Ты подвергал их серьезному риску.

─ Вся семья была вовлечена. В какой-то момент через разных людей у меня стало складываться впечатление, что власти понимают, чем я занимаюсь. Сначала появилось слово «города», которые мы между собой употребляли, а потом появились слова «всесоюзный ульпан», которые мы никогда не употребляли, и мне стало понятно, что так они это определили для себя. Тем не менее, еще довольно долго это происходило. В 83-м году  в Лишке были мной недовольны.

?

─ Я передал им просьбу не приезжать в Баку …исходя из ситуации: это мешало местным активистам и это мешало мне. У нас возникли разногласия. Я им говорил: «Не считайте меня мелким чиновником, я не сижу у вас на зарплате. Я не могу каждую мелочь согласовывать с начальством. Мне нужны нормальные полномочия».  В общем, возникли большие разногласия.  Арье Кроль это не принял.

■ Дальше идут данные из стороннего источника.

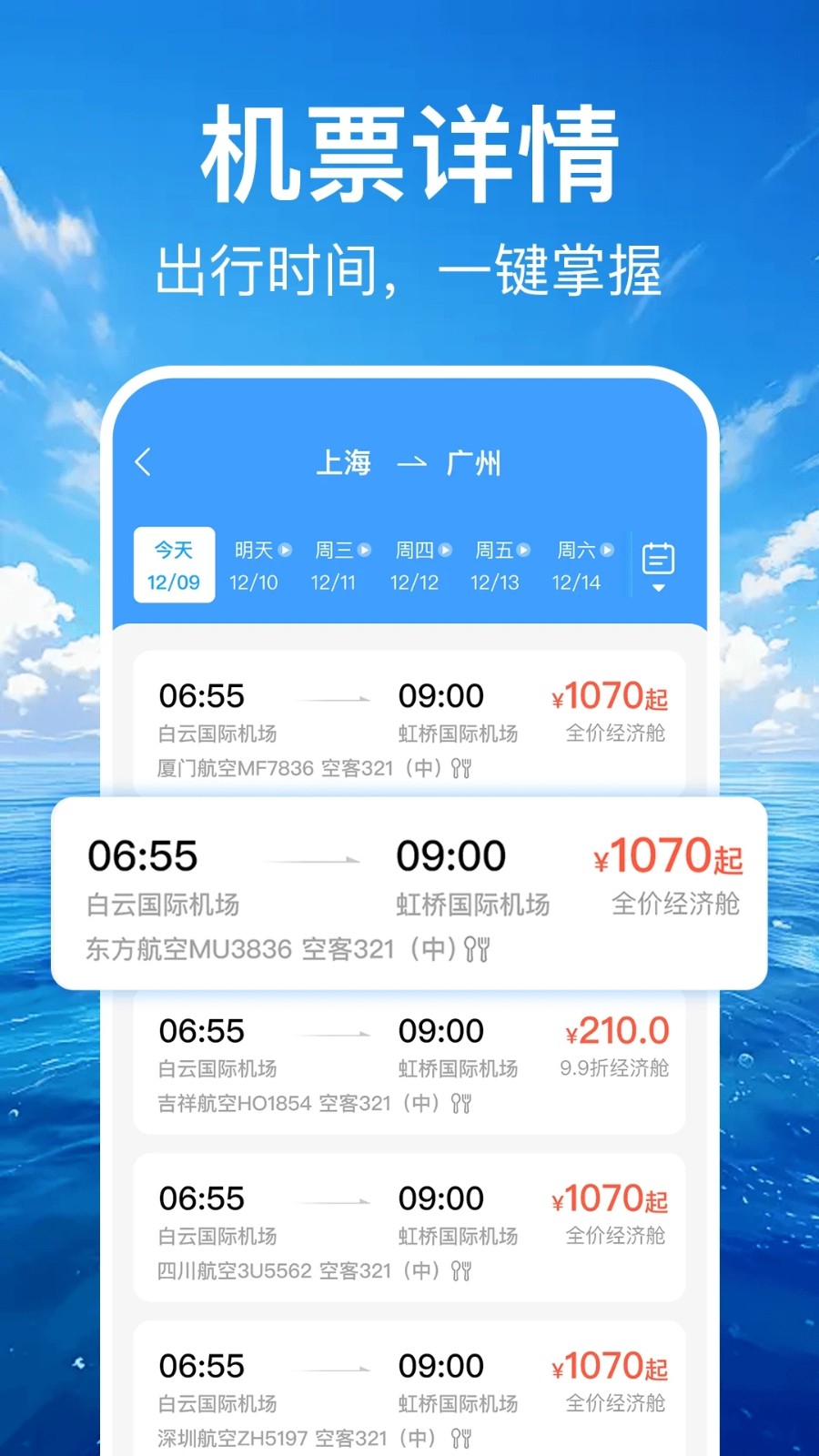 特价机票管家是一款专为旅客设计的航班比价与出行规划类手机应用。从多个航空公司销售渠道和大型在线票务平台抓取实时的机票价格、时刻、舱位等销售信息,并将这些数据进行汇总、对比和排序,为用户提供一个集中的、可横向比较的搜索结果界面。用户可以通过它,一次搜索就能看到同一行程在不同航空公司、不同代理商、不同日期下的机票报价,从而快速识别出高性价比的出行方案。其特价机票管家帮助用户在进行机票预订时,能够更高效、更透明地获取市场信息。

Их можно понять. Они хотели знать, что происходит, не оставляя темных углов. КГБ мог подставить что-нибудь, потемкинские деревни кто-то мог понастроить. У нас с тобой по этому поводу, по-моему, не было разногласий.

─ У нас с тобой не было. Мы с тобой ругались по поводу бюджета, но это не важно. Мы им сказали: «Пошлите людей, которые имеют полномочия, чтобы они разобрались». Действительно, через пару месяцев на книжную ярмарку приехали два человека с полномочиями. Они разобрались и нас поддержали. Больше проблем не было. Возникла одна техническая. Ты в какой-то момент сказал, что не сможешь заниматься финансами для проекта, и это тоже свалилось на меня.

─ Меня в какой-то момент очень плотно обложили.

─ Знаю, знаю. И тогда возникла непростая дилемма. Кто-то предложил обмен денег через грузинских миллионеров. Я побоялся на это пойти.

─ Я неоднократно это делал.

─ В общем, я на это не пошел. До сих пор не знаю, правильно поступил или нет, но на меня к этому времени свалилось много всего, и я понимал, что уже хожу по лезвию ножа.

─ КГБ пытался как-то давить на тебя в этот период?

─ Удивительным образом, почти всегда косвенно. Кого они только не приглашали с разными разговорами! ─ почти всех моих знакомых.

─ Они, видимо, решили, что тебя приглашать для бесед бесполезно.

─ Да, они видимо решили, что меня можно только арестовать.

─ На сутки тебя не арестовывали?

─ Меня первый раз арестовали на сутки перед арестом и потом просто не выпустили. А до этого нет.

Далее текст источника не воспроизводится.